[mythtv-users] OT: Buying a new TV - Sharp Quattron or 3D?

John Pilkington J.Pilk at tesco.net
Thu Jun 9 09:02:23 UTC 2011


On 09/06/11 07:25, Phil Wild wrote:
>
>
>     Except shutter glasses ARE polarized glasses.  They're nothing more than
>     tiny LCD screens.  Your LCD screen works by having two polarized
>     filters, one static, one dynamic.  Light passes through the static
>     filter and becomes polarized.  The dynamic filter can adjust plane, and
>     depending on the angle, determines how much light comes through.
>
>     With passive glasses, you have two linear filters at perpendicular
>     angles.  Each will only allow the in-plane light through.  With active
>     glasses, you have a static filter, which must be in the same plane as
>     that in the TV, and another dynamic filter which flips between the two
>     maximums to allow or block light.  So, any deficiencies that may exist
>     with passive glasses MUST exist with active glasses.
>     _______________________________________________
>
>
> Are you sure?
>
> When I used to work at SGI, the shutter glasses we used would black out
> the left eye, followed by the right eye synchronised with the refresh
> rate of the monitor (usually running at 120Hz). There was an infra-red
> emitter placed on top of the screen to synchronise the shutter glasses.
> So full resolution at half the perceived frame rate.
>
> I was under the impression that this is how the 3D TV worked in that the
> odd and even frames were left and right eye and the glasses made sure
> the correct eye viewed the correct frames. One eye seeing black while
> the other eye viewed the image would mean that your brain perceived the
> image as 50% brightness as well.
>
> Cheers
>
> Phil
>
See the links that I posted earlier in this thread - part quote below. 
Different images can be fed to each eye either in sequence, by active 
goggles, or by passive goggles that transmit orthogonal optical 
polarisations.  As Ray says, both methods rely on polarization. Or you 
could use independent displays for each eye.
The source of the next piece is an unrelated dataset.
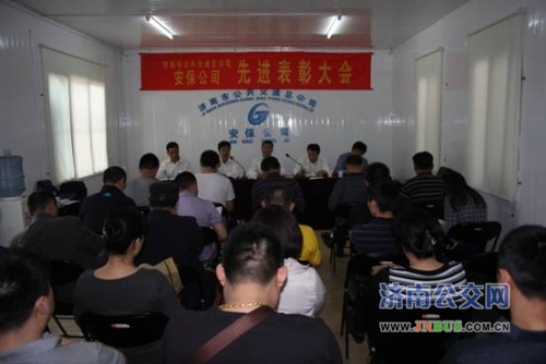 济南公交官网讯 4月23日,安保公司召开安全生产工作会议暨先进中队表彰大会,公司全体机关人员、中队长、检查员、监控人员参加会议。会议由由办公室主任姜海涛主持。

> All passive 3D sets that have been released are LED lit LCDs and use what is called FPR technology or “Film Pattern Retarder”. This is a thin film place over the LCD screen which creates a separate image for the left and right eyes. It achieves this by using alternate polarization for each line of vertical resolution. So 540 lines are sent to the right eye and 540 lines are sent to the left. The lenses of the glasses use opposite circular polarization so that each eye receives the correct lines of linear resolution.

The loss of resolution with the passive kind relates only to the screen 
properties.  Anyone got a 1920 * 2160  16:9 panel with an FPR overlay?